### Work to complete
From the records below, print only the part that opens with the line containing "SpendingTime White Satin Button Down Top" and closes with the line containing "Alien Mattrix EA"; omit the pictures.

### Data supplied

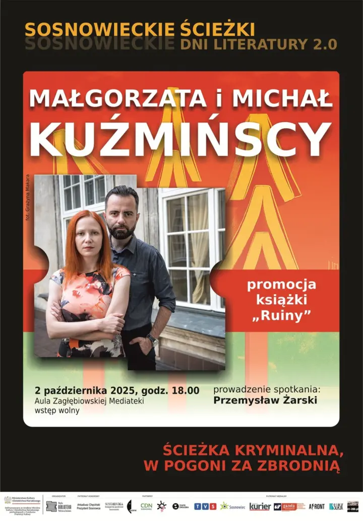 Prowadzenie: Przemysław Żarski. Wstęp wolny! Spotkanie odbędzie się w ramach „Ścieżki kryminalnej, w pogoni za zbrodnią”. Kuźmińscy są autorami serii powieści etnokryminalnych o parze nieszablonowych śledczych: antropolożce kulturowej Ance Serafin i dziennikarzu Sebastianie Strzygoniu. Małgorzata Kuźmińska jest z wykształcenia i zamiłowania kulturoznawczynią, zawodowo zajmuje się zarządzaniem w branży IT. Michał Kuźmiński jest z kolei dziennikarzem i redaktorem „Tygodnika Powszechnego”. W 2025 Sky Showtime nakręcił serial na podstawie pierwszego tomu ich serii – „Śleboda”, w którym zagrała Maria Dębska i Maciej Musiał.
...
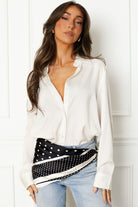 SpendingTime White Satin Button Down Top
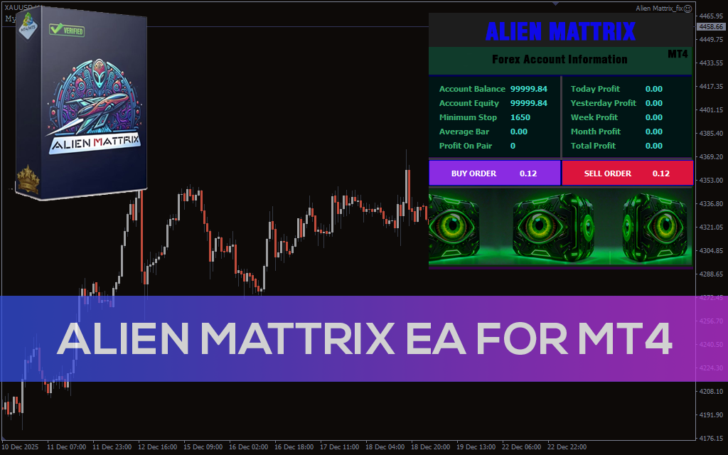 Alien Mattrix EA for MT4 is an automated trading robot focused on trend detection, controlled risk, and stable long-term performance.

### Answer space
 SpendingTime White Satin Button Down Top
 Alien Mattrix EA for MT4 is an automated trading robot focused on trend detection, controlled risk, and stable long-term performance.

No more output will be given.